Now to answer your question, I’d like to point out that beauty is not only in the eyes of the beholder. Humans are conditioned to find certain types of traits ‘beautiful’ cross culturally. Certainly, there are geographical and decade-specific variations (TE’s example of the chubbier women) but even that can be boiled down to biological reasons for the most part (in those times chubbier women were of higher status since they could afford to lead more sedentary lifestyles and were more well fed). Nonetheless, there are enduring qualities which human beings respond to (even babies!). To name a few: bilateral symmetry (left side closely matching the right side), closeness to the .7 hip to waist ratio in women (similar in Marylin Monroe and Kate Moss despite their seemingly different body types), well developed cheekbones in both men and women, full lips in women, developed jaw bone in men, healthy skin in both men and women.
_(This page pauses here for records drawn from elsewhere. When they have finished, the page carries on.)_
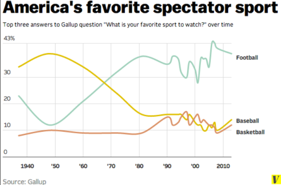 위 표는 갤럽이 정기적으로 미국인들에게 가장 좋아하는 스포츠를 묻는 질문에 대한 대답의 변화를 시대별로 정리한 것입니다. 1960년초 초반까지는 야구가 압도적 1위였습니다. 메이저리그는 1869년 신시내티 레드스타킹가첫 프로팀을 창설하고 1900년 첫 월드시리즈가 시작한 이후로 미국을 대표하는 스포츠 리그였습니다.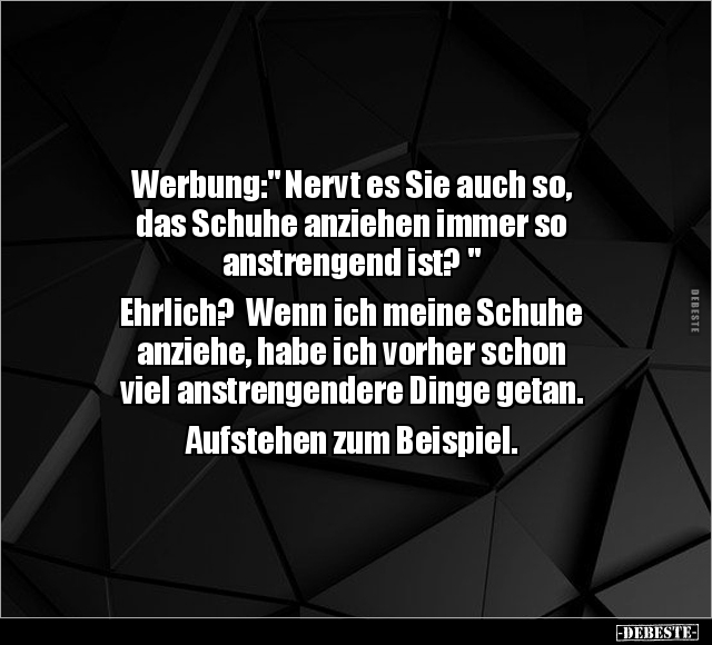 Werbung:" Nervt es Sie auch so, das Schuhe anziehen immer so anstrengend ist? " Ehrlich? Wenn ich meine Schuhe anziehe, habe ich vorher schon viel anstrengendere Dinge getan. Aufstehen zum Beispiel.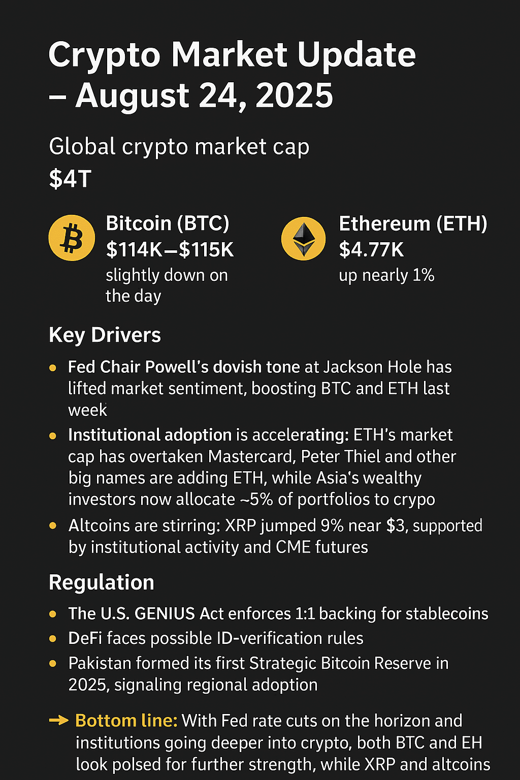 Bitcoin (BTC) wird bei etwa 114.000–115.000 $ gehandelt, leicht im Minus für den Tag.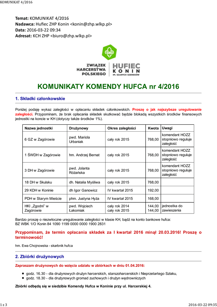 KOMUNIKAT4/2016 1z3 Temat: KOMUNIKAT 4/2016 Nadawca: Hufiec ZHP Konin <[email protected]> Data: 2016-03-22 09:34 Adresat: KCH ZHP <[email protected]> KOMUNIKATY KOMENDY HUFCA nr 4/2016 1. Składki członkowskie Poniżej podaję wykaz zaległości w opłacaniu składek członkowskich. Proszę o jak najszybsze uregulowanie zaległości. Przypominam, że brak opłacania składek skutkować będzie blokadą wszystkich środków finansowych jednostki na koncie w KH (dotyczy także środków 1%). Nazwa jednostki Drużynowy Okres zaległości Kwota Uwagi 6 GZ w Zagórowie pwd. Mariola Urbaniak cały rok 2015 komendant HOZZ 768,00 stopniowo reguluje zaległość 1 ŚWDH w Zagórowie hm. Andrzej Bernat cały rok 2015 komendant HOZZ 768,00 stopniowo reguluje zaległość 3 DH w Zagórowie pwd. Jolanta Różańska cały rok 2015 komendant HOZZ 768,00 stopniowo reguluje zaległość 18 DH w Skulsku dh. Natalia Myśliwa cały rok 2015 768,00 29 KDH w Koninie dh Igor Ganowicz IV kwartał 2015 192,00 PDH w Starym Mieście phm. Justyna Hyża IV kwartał 2015 168,00 HKI „Zgodni” w Zagórowie pwd. Wojciech Łakomiak cały rok 2014 cały rok 2015 144,00 jednostka do 144,00 zawieszenia Bardzo proszę o niezwłoczne uregulowanie zaległości w klasie KH, bądź na konto bankowe hufca: BZ WBK 1/O Konin 84 1090 1199 0000 0000 1900 2831 Przypominam, że termin opłacania składek za I kwartał 2016 minął 20.03.2016! Proszę o terminowość! hm. Ewa Chojnowska - skarbnik hufca 2. Zbiórki drużynowych Zapraszam drużynowych do wzięcia udziału w zbiórkach w dniu 01.04.2016: godz. 16.30 - dla drużynowych drużyn harcerskich, starszoharcerskich i Nieprzetartego Szlaku, godz. 18.30 - dla drużynowych gromad zuchowych i drużyn wędrowniczych Zbiórki odbędą się w siedzibie Komendy Hufca w Koninie przy ul. Harcerskiej 4. 2016-03-2209:35 KOMUNIKAT4/2016 2z3 hm. Michał Kałużny - komendant hufca 3. Ogólnopolska Konferencja Instruktorska Zapraszamy instruktorów oraz wędrowników pełniących funkcje instruktorskie do wzięcia udziału w Ogólnopolskiej Konferencji Instruktorskiej BYĆ WYCHOWAWCĄ... Konferencja odbędzie się w sobotę 23.04.2016 r. Zapraszamy instruktorów z całej Polski, więc udział kadry instruktorskiej naszego hufca jest bardzo pożądany! Szczegóły w załączniku. hm. Alina Głowacka - przewodnicząca HZKK 4. JUBILEUSZOWY ZLOT HUFCA Komenda Hufca informuje, że Jubileuszowy Zlot Hufca z okazji 100-lecia Harcerstwa na Ziemi Konińskiej odbędzie się w Koninie w dn. 20-22.05.2016 r. Szczegóły zostaną podane w terminie późniejszym. hm. Michał Kałużny - komendant hufca hm. Michał Kałużny - komendant hufca 5. XXI Kurs Przewodnikowski wraz z Kursem Drużynowych - przypomnienie Serdecznie zapraszamy na XXI Kurs Przewodnikowski wraz z Kursem Drużynowych Zuchowych i Harcerskich. 1. Termin: 17.07-27.07 2016 r. 2. Miejsce: Letnia Baza Hufca ZHP Konin, ul. Graniczna 10, 72-346 Pobierowo 3. Cena: koszt kursu 930 zł, w tym: - 465 zł - odpłatność uczestnika, - 465 zł - dofinansowanie komendy hufca. 4. Kontakt: Komenda Hufca ZHP (063) 243 19 20, e-mail: [email protected] lub przewodnicząca HZKK: hm. Alina Głowacka - 692-798-015, e-mail: [email protected] 5. Termin zgłoszeń: 30 kwietnia 2016 roku na załączonej karcie kwalifikacyjnej 6. Warunki rekrutacji: • wiek - co najmniej 16 lat (rocznikowo), • zobowiązanie się do prowadzenia, przejęcia lub założenia gromady lub drużyny, • rekomendacja bezpośredniego przełożonego (np. drużynowego, szczepowego lub namiestnika, ewentualnie komendanta hufca). hm. Alina Głowacka - przewodnicząca HZKK 6. Opłać składki z góry za 2016! To się opłaca! Komenda hufca na posiedzeniu w dniu 29.01.2011 przyjęła uchwałę nr 33/XVIII, w której postanowiła, co następuje: 1. Wprowadza się wydawanie drużynom, gromadom i kręgom Certyfikatu Jednostki. 2. Certyfikat, o którym mowa w pkt. 1 otrzymuje drużyna, gromada lub krąg, która do końca I kwartału danego roku kalendarzowego (do 31 marca) opłaci składki członkowskie za cały rok kalendarzowy z góry za wszystkich członków jednostki zgodnie z danymi z systemu EWIDENCJA ZHP. 3. Certyfikat obowiązuje od 1 kwietnia roku kalendarzowego, za który opłacono składki do 31 marca roku następnego. 4. Wykaz jednostek, które otrzymują Certyfikat ogłasza komendant hufca corocznie do 10 kwietnia. 5. Certyfikat Jednostki uprawnia drużynę, gromadę, krąg w danym roku kalendarzowym do: - otrzymania 20% zniżki na wpisowe na imprezy ogólnohufcowe (zlot, złaz, biwak z okazji Dnia Myśli Braterskiej, rajd wiosenny), - niepotrącania przez Komendę Hufca 5% tytułem kosztów obsługi kampanii 1% podatku. Zachęcam do skorzystania z tej możliwości! Naprawdę warto. hm. Ewa Chojnowska – skarbnik hufca 2016-03-2209:35 KOMUNIKAT4/2016 3z3 Chcesz być na bieżąco? Regularnie odwiedzaj strony ZHP: www.zhp.pl www.zhp.wlkp.pl www.konin.zhp.pl Ten e-mail został wysłany z komputera wolnego od wirusów chronionego przez Avast. www.avast.com Załączniki: Ogólnopolska Konferencja Instruktorska 2016.pdf 176 KB XXI Kurs Drużynowych - karta kwalifikacyjna.doc 173 KB 2016-03-2209:35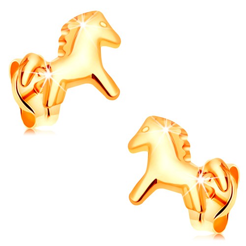 Popis produktu Náušnice ve žlutém 14K zlatě - blýskavý cválající koník, puzetové zapínání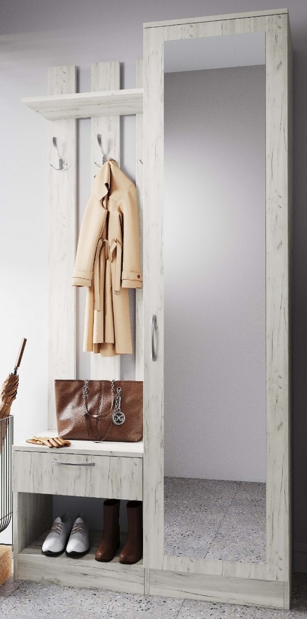 Прихожая ML-Mobila МЛ-8 (с зерколом правая) Дуб Крафт Белый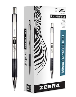 Zebra Pen, F-301 Retractable Ballpoint, 1.6mm, Color: Black, Quantity: Dozen. Extra Bold.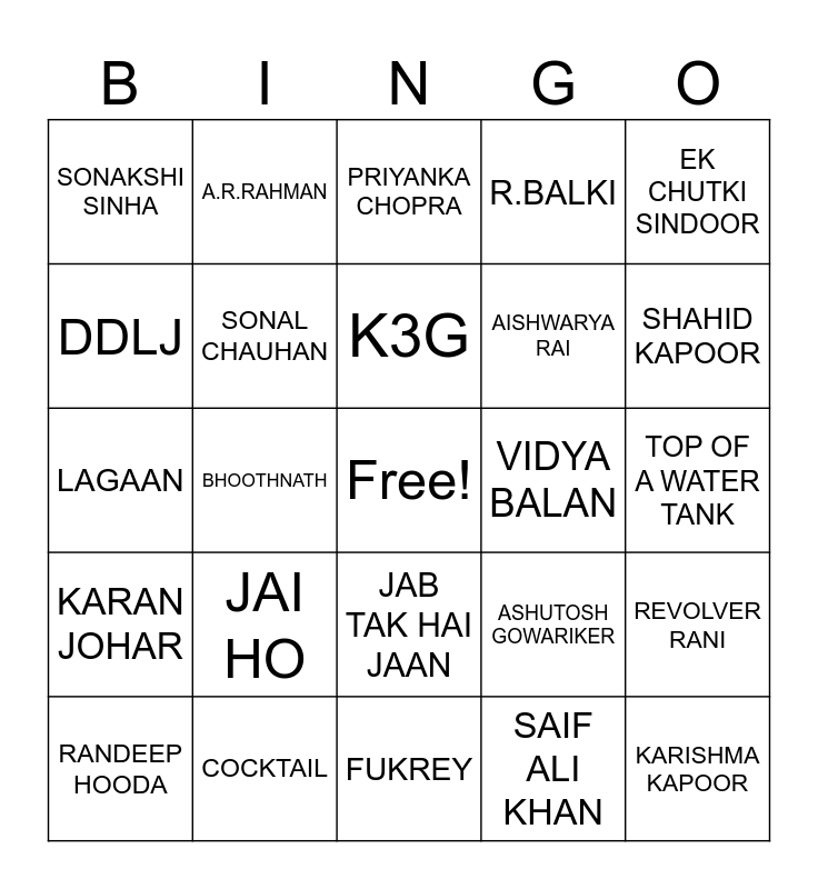 Bollywood | Bollywood | Bollywood | Movie Bingo | Bollywood Bingo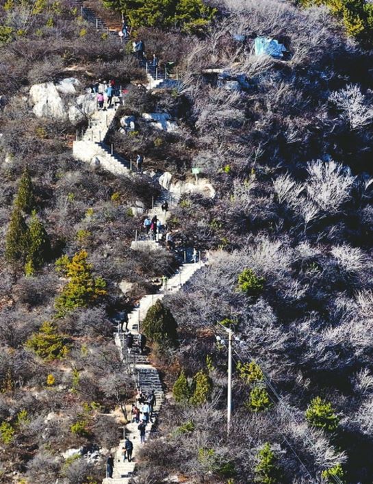 十二月一日風(fēng)和日麗,眾多游客攀登崛圍山。站在山頂俯瞰群山連綿起伏,令人心曠神怡。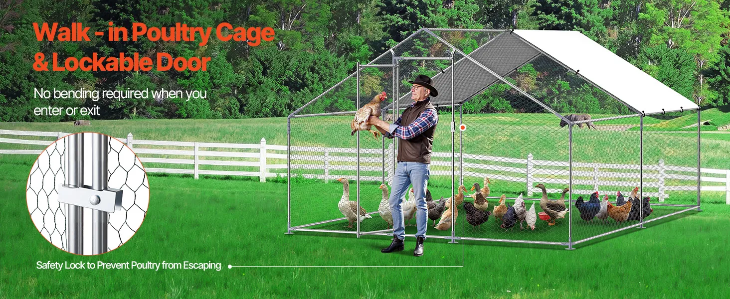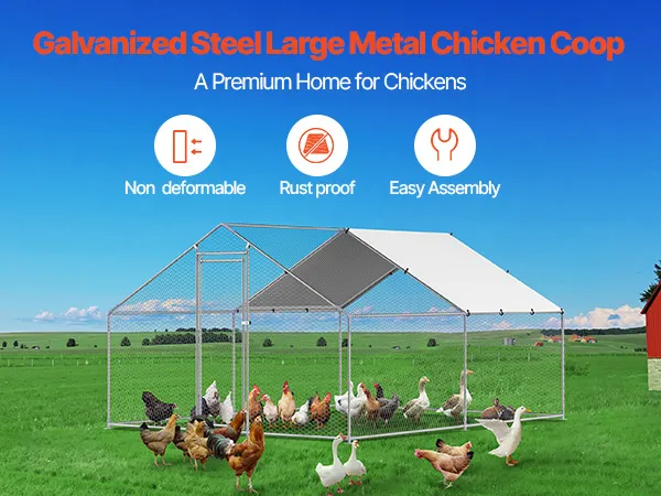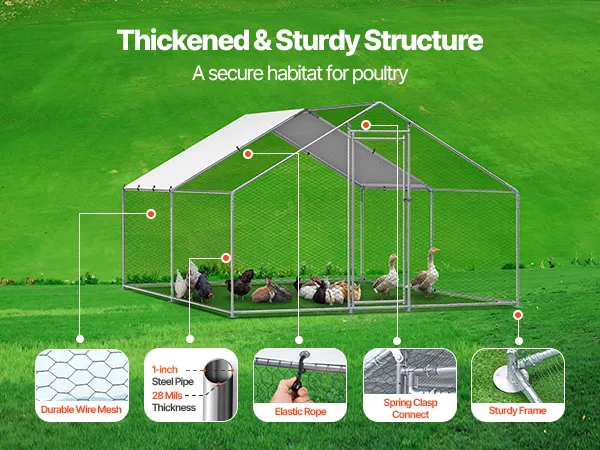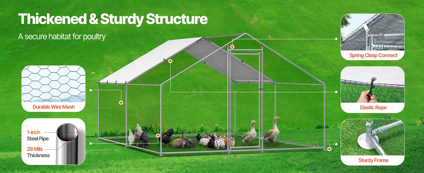 Sturdy Structure: With 1" thick galvanized steel pipes and precise welding, this chicken house boasts stability and wind resistance. The top cover facilitates effective drainage, preventing water accumulation. Reinforced with hexagonal protective mesh, it provides a securer space for the poultry.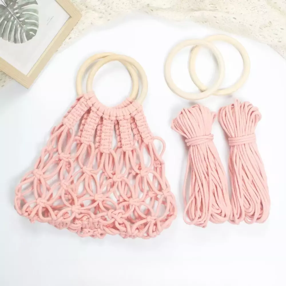 Набор макраме для ручного вязания ажурной плетёной сумки 29х26 см для рукоделия и творчества цвет розовый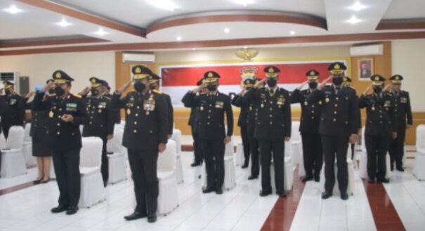 PortalBMR, SULUT – Kapolda Sulawesi Utara (Sulut) Irjen Pol Mulyatno bersama Wakapolda dan seluruh Pejabat Utama mengikuti upacara peringatan Hari Lahir Pancasila, secara virtual melalui video conference, Rabu (1/6/2022) pagi, di ruang Tribrata Mapolda Sulut.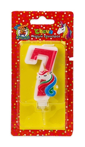 —Свеча для торта 'Цифра 7. Милый единорог', Миленд, картон. уп., европодвес, С-5941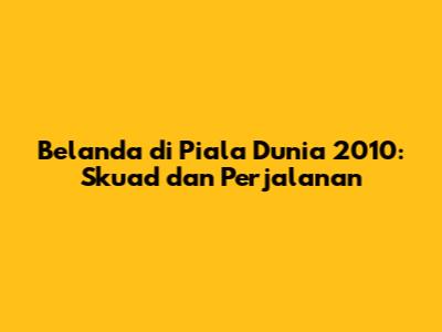 Belanda Di Piala Dunia 2010: Skuad Dan Perjalanan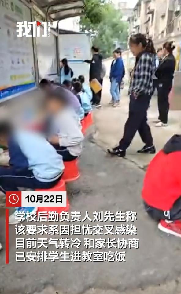 据新京报报道,该校后勤负责人对此称,此前让自带饭学生在教室外面吃饭,是怕交叉感染。目前天气转冷,经和家长协商已安排学生进教室吃饭。另有校方人员回应,校门口有给学生配椅子,但没想到学生数量突然增多,出现了趴在地上吃饭的情景。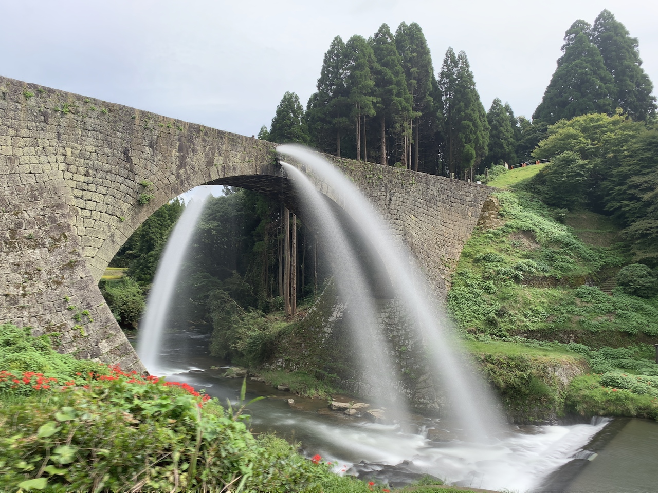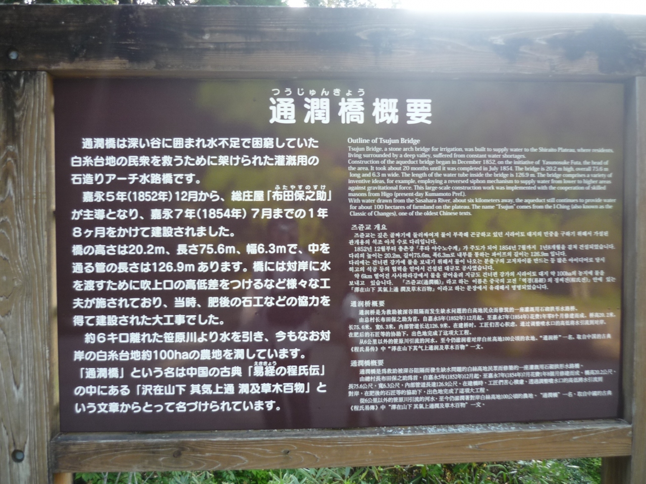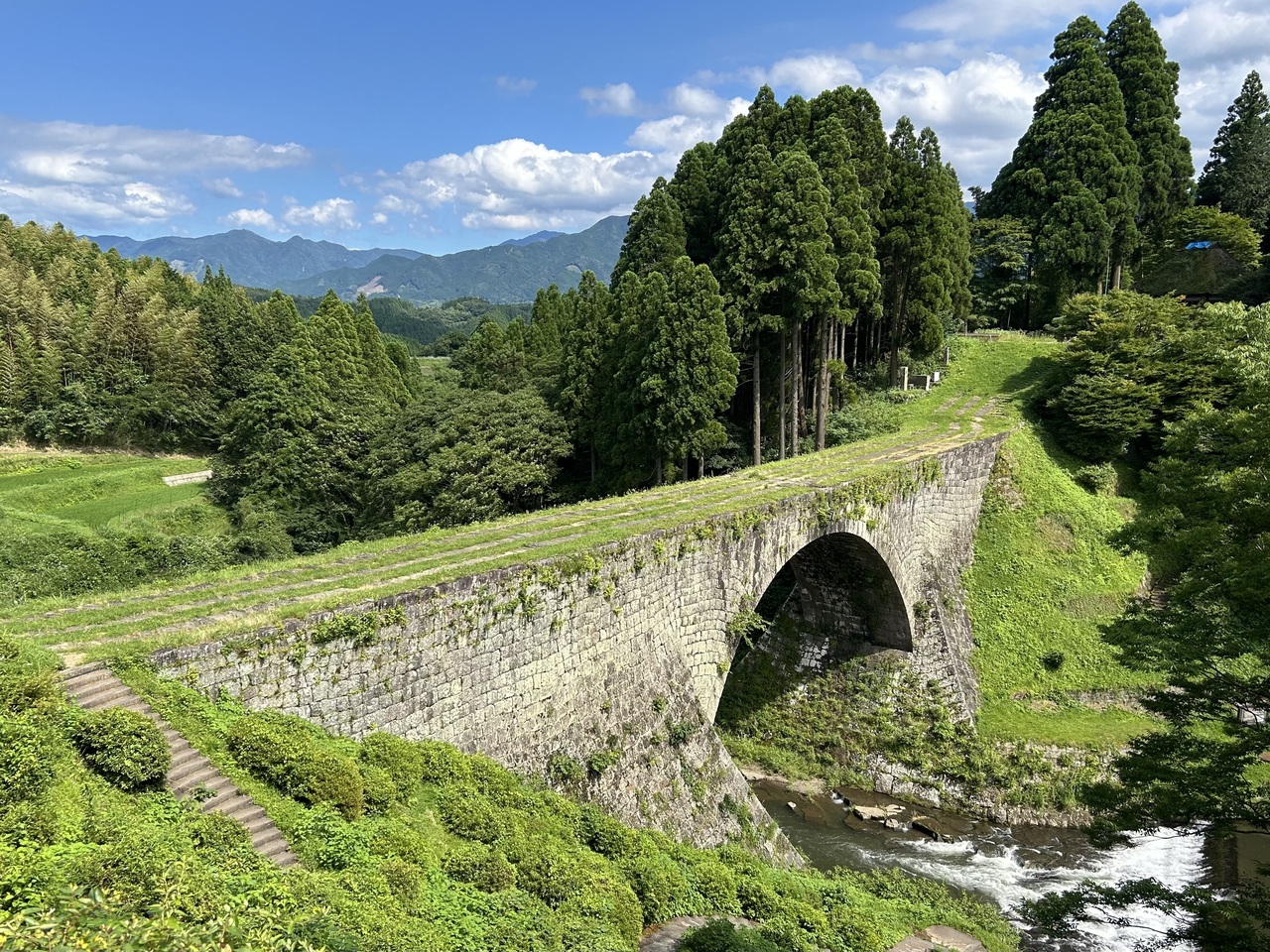 今年国宝になったという事で、高千穂から山鹿温泉に行く道中に寄ってみる事にしましたが、ナビで案内された駐車場から通潤橋が見え... 続きを読むる場所まで行くのはかなりのアップダウンのある道を通って行かなくてはならず、暑い夏場に行くには不適当な場所だと思った。また案内板がほとんど無く本当に着くのかどうか不安なまま歩く事になった。途中、60m級の立派な滝があるが、そこからまだまだ歩かねばならない。やっとこさ橋が見える所に到着したかと思えば、橋の向こうに見える道の駅通潤からの方が美しく見えるばかりでなく、車で行けるので疲れる事もない。現地駐車場でこういう告知をちゃんとして欲しいと思った。 あと、水を放流する際には事前予約で橋の上から眺める事が出来るらしく、我々が着いた駐車場は橋の上に行く為のものであること。通常は道の駅から眺めるので充分なのに時間と体力を無駄にした気がして残念でした。 閉じる

Kate Moss: wide hips, small waist

Kate Moss: wide hips, small waist

Most of these traits are determined by the amount of sex hormones we produce (specifically the ratio of the sex hormones) which lead to the development of sexually dimorphic traits during puberty. They signify fertility in women and virility in men; they also signify general fitness in both men and women (health related traits like good skin).

For both men and women, the ultimate goal is successful reproduction (that means good genes being passed on and ensuring that the young have sufficient resources to develop until independent). Men and women use different strategies to achieve this, with women having the additional need for resources since they are generally the ones who wind up rearing the young. Although both sexes strive to mate with good genes, women have developed a DUAL MATING strategy to ensure that whatever young they produce they will be able to survive into adulthood. This dual mating strategy is partly possible through the female’s ability to hide her estrus (so men generally do not know when we are ovulating). We have developed an extended sexuality, having nonconceptual sex (sex not leading to conception) throughout our menstrual cycle. One possible explanation for this is that this strategy allows us to secure material benefits from partners who stick around in hopes of impregnating us. Also, they may stick around in hopes of ensuring that other men will not copulate with us and thus confuse parenting.